4.41.1.5.1.2  (10-01-2005)
Co-Owners

  1. Taxpayers who are co-owners of oil and gas properties and have not elected to be excluded from the partnership provisions of Subchapter K of the Code must make a partnership level election to expense intangible drilling and development costs. If the partnership elects to capitalize such costs, the individual partners are bound by that election and may not deduct those costs on their individual returns.

4.41.1.5.1.3  (07-31-2002)
Mineral Properties

  1. For the purpose of computing allowable depletion and any gain or loss on the disposition of oil and gas minerals, the term "property" is important. "Property" means each separate interest owned by the taxpayer in each mineral deposit in each separate tract or parcel of land. Refer to IRC 614. The Code provides that all of the taxpayer's operating mineral interests in a separate tract or parcel of land are to be treated as one property unless taxpayer elects to treat such interests as separate properties. The election to treat each property as a separate property must be made in the first year the taxpayer makes any expenditure for development or operation of the property interest. The election must be made by attaching to the return a specific statement describing the tract and all the operating interest owned in the tract and must indicate which operating interests are being combined and which are being kept separate. Once the election is made, it is binding for all subsequent years.

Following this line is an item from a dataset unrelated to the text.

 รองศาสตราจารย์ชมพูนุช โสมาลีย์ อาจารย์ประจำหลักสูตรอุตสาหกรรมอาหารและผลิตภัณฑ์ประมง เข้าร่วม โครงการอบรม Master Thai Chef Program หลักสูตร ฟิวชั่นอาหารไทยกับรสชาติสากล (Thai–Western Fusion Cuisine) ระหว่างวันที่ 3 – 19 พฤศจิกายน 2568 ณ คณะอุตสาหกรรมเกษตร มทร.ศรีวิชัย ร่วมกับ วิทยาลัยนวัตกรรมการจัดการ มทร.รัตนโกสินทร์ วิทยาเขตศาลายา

  2. The agent should make sure that the taxpayer is combining all income and expenses from the properties on tracts that are producing from different zones unless the proper election has been made to treat them separately.

4.41.1.5.1.4  (10-01-2005)
Reporting on Tax Return

  1. The income from different types of oil and gas activities are reported by individuals on different schedules on their Form 1040. Royalty income is reportable by an individual on Form 1040, Schedule E. Income received from lease bonuses and delay rentals is also reported on Schedule E. Royalty income is usually not trade or business income and is generally not subject to self-employment taxes. Royalty owners do not pay production expenses other than taxes.

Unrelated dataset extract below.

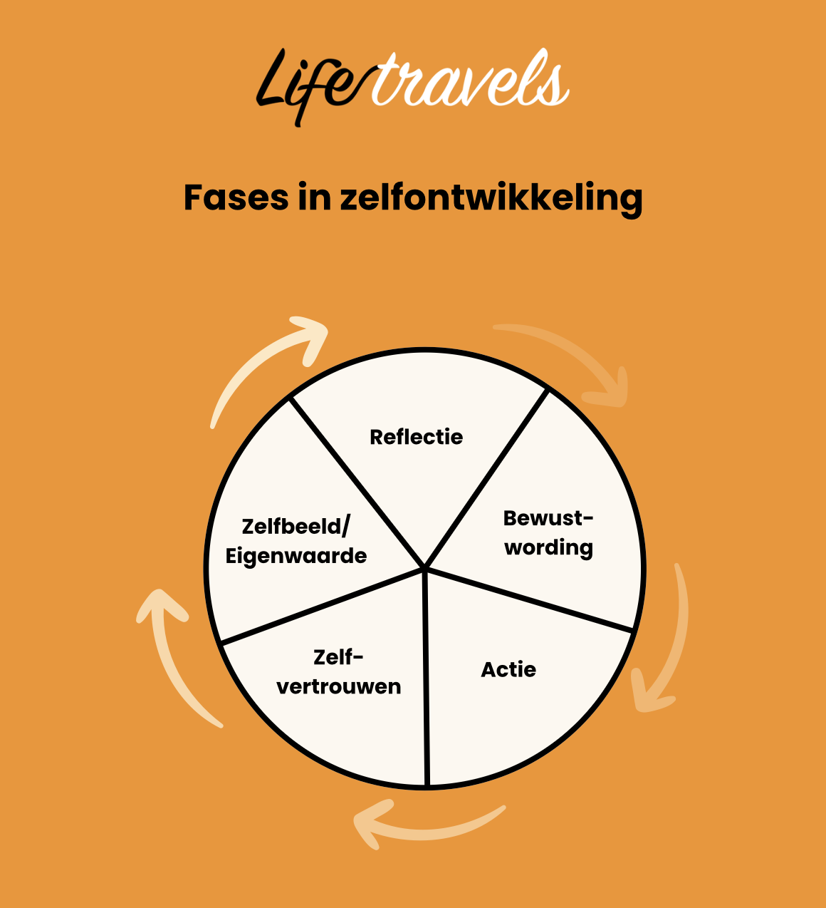 Gedurende de vele coachingstrajecten die ik heb mogen begeleiden, zag ik langzaam maar zeker een steeds terugkerend patroon in hoe ontwikkelingsprocessen tot stand komen. Dit hebben we in een afbeelding weten te vatten. Een visuele weergave helpt om de samenhang beter te zien.

  2. An individual taxpayer who owns a working interest reports income from the sale of oil and gas on of Form 1040, Schedule C. This income is considered trade or business income.

4.41.1.5.1.5  (10-01-2005)
Loss Limitations

  1. The losses realized from certain "activities" are limited to the amounts a taxpayer has "at-risk" with regard to those activities at the end of the tax year. The otherwise deductible loss from the "activity" of exploring or exploiting oil and gas reserves could be limited by the at-risk rules of IRC 465. Each separate oil and gas property constitutes a separate activity for purposes of IRC 465. Any losses which are limited by this section will be allowed as a deduction in the next succeeding tax year, provided there is additional at-risk basis of property at the end of that year. The amounts a taxpayer has at-risk with respect to an activity are as follows:

    1. Cash

    2. Adjusted basis of property contributed to the activity

    3. Personal liability for indebtedness

    4. Fair market value of assets outside the activity securing nonrecourse liabilities within the activities.

      Note:

      In addition to the loss limitation provision, the law also provides for a recapture of previously allowed losses when the taxpayer's at-risk amount is reduced below zero. Refer to IRC 465(e).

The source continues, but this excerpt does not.